ASSOCIATED PRESS
Jurors weighing the fate of September 11 conspirator Zacarias Moussaoui yesterday were shown photographs of bodies burned inside the Pentagon and heard from two military officers who escaped the choking smoke and searing heat to safety.
Despite Judge Leonie Brinkema’s warning on Monday that too much emotional evidence imperils a death sentence on appeal, prosecutors showed the most gut-wrenching evidence yet in a trial studded with horrific images.
In the third day of testimony from relatives of September 11 victims, the jurors showed little emotion in the Alexandria courtroom. One man discreetly wiped his face with a tissue; on earlier days, as many as six of the 17 jurors and alternates did so.
After a three-minute bench conference to argue with the defense over what could be shown, prosecutors displayed several photos of charred bodies from the attack on the Pentagon.
Moments later, with judge and jury gone, Moussaoui defiantly shouted to spectators as he was led out: “Burn all Pentagon next time.”
Jurors also heard from Lt. Col. John Thurman, who was a major working on Army promotion policies on the Pentagon’s second floor on September 11, and Lt. Nancy McKeown, who was working on the first floor as chief weather forecaster for the Navy’s top brass.
The impact of hijacked American Airlines Flight 77 hitting the Pentagon sounded like a bomb to Col. Thurman and an earthquake to Lt. McKeown, and they both immediately dropped to the floor and rolled under their desks for cover as light fixtures, ceiling tiles, bookcases and file cabinets fell everywhere.

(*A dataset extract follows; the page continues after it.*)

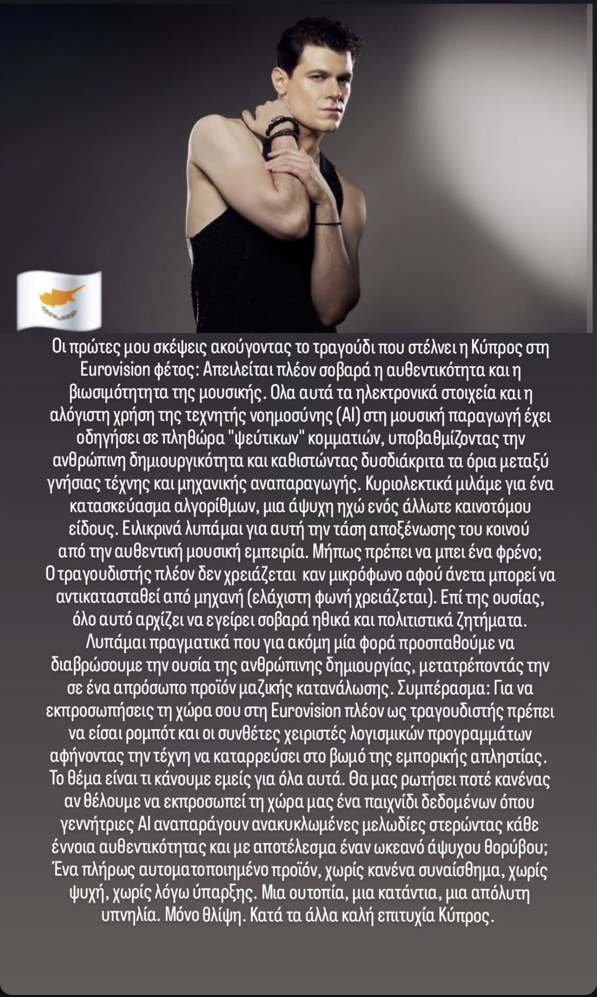 «Οι πρώτες μου σκέψεις για το τραγούδι που στέλνει η Κύπρος στη Eurovision φέτος: Απειλείται πλέον σοβαρά η αυθεντικότητα και η βιωσιμότητα της μουσικής. Όλα αυτά τα ηλεκτρονικά στοιχεία και η αλόγιστη χρήση της τεχνητής νοημοσύνης στη μουσική παραγωγή έχει οδηγήσει σε πληθώρα ‘ψεύτικων’ κομματιών, υποβαθμίζοντας την ανθρώπινη δημιουργικότητα […] Λυπάμαι πραγματικά που για ακόμα μία φορά προσπαθούμε να διαβρώσουμε την ουσία της ανθρώπινης δημιουργίας, μετατρέποντάς την σε ένα απρόσωπο προϊόν μαζικής κατανάλωσης […] Μία ουτοπία, μία κατάντια, μία απόλυτη υπνηλία. Μόνο θλίψη. Κατά τα άλλα, καλή επιτυχία Κύπρος», έγραψε. Δείτε πιο κάτω ολόκληρη την ανάρτηση:

Both called out to co-workers and groped in the dark as the lights in their windowless offices went off and black smoke filled the air.
Lt. McKeown never heard any response from the two young sailors in her office; they died that day. Col. Thurman briefly reached two of the five co-workers in his office. One woman briefly held his belt, but neither could follow him crawling through debris. Three of the co-workers died.
At one point, both Col. Thurman and Lt. McKeown thought they would die.
Having crawled around her office without finding her aides, Lt. McKeown said she thought: “Is this how it’s supposed to end?”
“I got angry and called out again. My insides were on fire. It was hard to breathe,” she testified, but she pushed toward a glimmer of light and rescue.
After a medically induced coma and hospital stay, Col. Thurman said, “Today, I’m fine. … I feel incredibly lucky; nothing fell on me. But there’s guilt about getting the lucky break.”
Lt. McKeown broke down describing how she took the body of one aide, Petty Officer Edward T. Earhart, to his family for a funeral. “Before turning him over, I checked to see his buttons were buttoned and his medals were straight,” she said, weeping. “I stayed until he was buried, and I presented the flag” to his relatives.